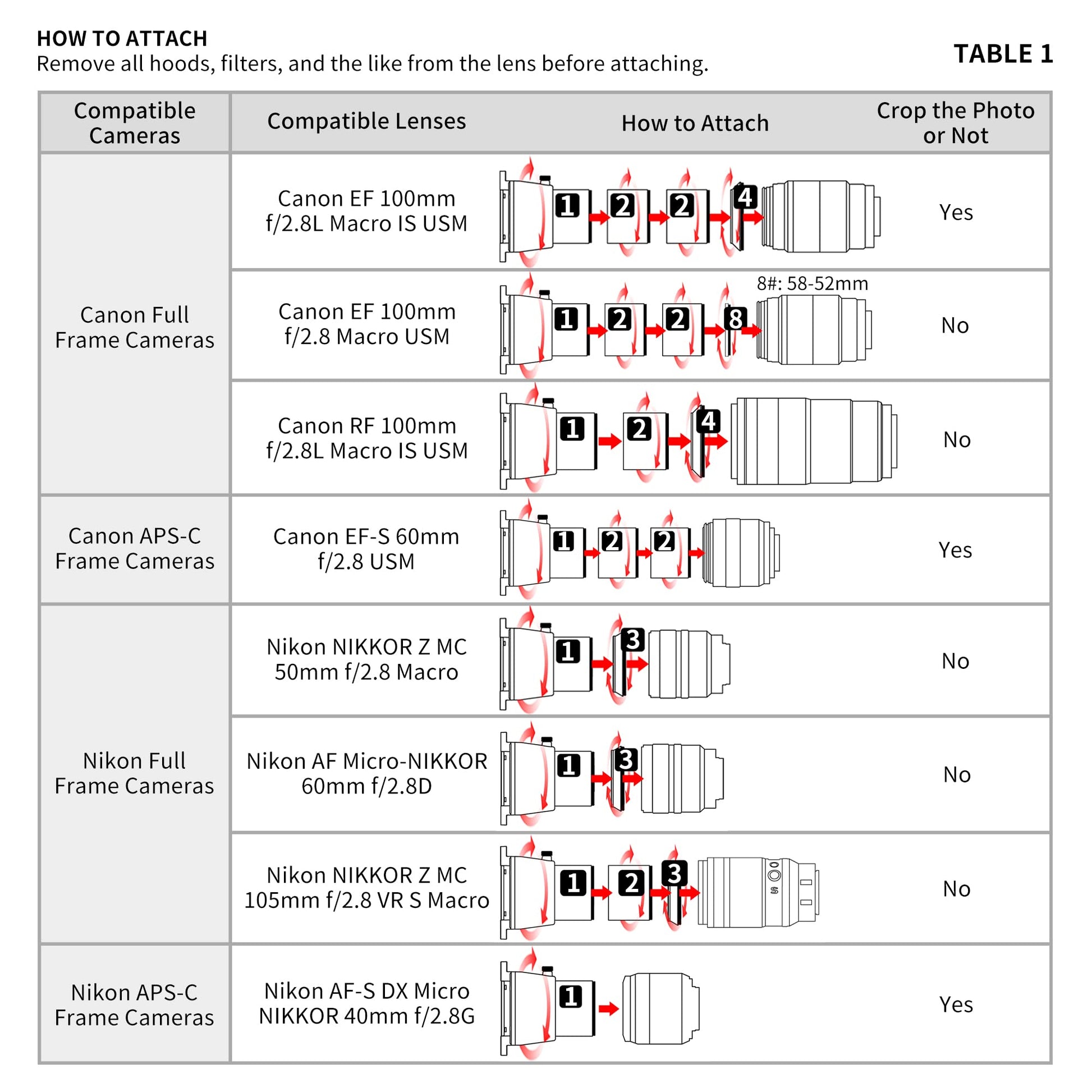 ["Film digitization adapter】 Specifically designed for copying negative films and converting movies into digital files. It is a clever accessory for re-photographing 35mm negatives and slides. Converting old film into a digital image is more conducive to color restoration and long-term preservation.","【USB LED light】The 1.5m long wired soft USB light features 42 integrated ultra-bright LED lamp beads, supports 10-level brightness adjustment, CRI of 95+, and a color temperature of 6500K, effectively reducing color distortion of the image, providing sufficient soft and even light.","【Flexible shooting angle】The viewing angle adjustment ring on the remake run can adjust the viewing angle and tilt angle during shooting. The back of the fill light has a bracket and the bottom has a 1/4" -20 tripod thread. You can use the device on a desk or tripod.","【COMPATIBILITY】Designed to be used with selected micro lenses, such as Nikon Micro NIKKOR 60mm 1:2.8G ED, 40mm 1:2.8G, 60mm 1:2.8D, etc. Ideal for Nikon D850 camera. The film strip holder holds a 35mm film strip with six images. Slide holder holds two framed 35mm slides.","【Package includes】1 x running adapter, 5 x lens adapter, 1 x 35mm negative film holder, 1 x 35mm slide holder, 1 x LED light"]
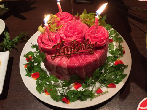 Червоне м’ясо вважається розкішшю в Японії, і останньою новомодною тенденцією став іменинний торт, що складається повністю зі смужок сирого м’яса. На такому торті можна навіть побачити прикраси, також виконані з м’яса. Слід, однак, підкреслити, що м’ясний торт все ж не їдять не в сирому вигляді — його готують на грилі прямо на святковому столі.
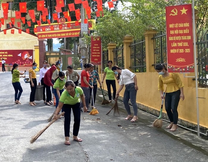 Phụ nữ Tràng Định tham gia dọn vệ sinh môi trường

--

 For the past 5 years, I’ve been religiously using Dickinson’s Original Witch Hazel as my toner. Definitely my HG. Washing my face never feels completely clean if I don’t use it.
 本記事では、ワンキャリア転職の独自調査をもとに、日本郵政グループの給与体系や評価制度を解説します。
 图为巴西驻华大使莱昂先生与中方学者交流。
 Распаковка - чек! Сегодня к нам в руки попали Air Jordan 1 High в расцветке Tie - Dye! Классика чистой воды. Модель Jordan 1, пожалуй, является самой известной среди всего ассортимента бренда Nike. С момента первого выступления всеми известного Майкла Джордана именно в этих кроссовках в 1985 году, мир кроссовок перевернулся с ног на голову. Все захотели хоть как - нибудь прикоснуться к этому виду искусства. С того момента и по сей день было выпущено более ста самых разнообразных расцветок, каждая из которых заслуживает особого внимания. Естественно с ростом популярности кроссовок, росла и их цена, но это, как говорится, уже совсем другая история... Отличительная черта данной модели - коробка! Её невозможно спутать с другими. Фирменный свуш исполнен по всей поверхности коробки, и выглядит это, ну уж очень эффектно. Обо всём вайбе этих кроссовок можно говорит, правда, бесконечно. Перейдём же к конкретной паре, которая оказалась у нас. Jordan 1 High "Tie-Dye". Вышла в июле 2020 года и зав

* Exercise objective: Return, unchanged, the run of lines above that opens with the line containing "For the past" and closes with the line containing "本記事では、ワンキャリア転職". Include both.

* Solution to the problem:
 For the past 5 years, I’ve been religiously using Dickinson’s Original Witch Hazel as my toner. Definitely my HG. Washing my face never feels completely clean if I don’t use it.
 本記事では、ワンキャリア転職の独自調査をもとに、日本郵政グループの給与体系や評価制度を解説します。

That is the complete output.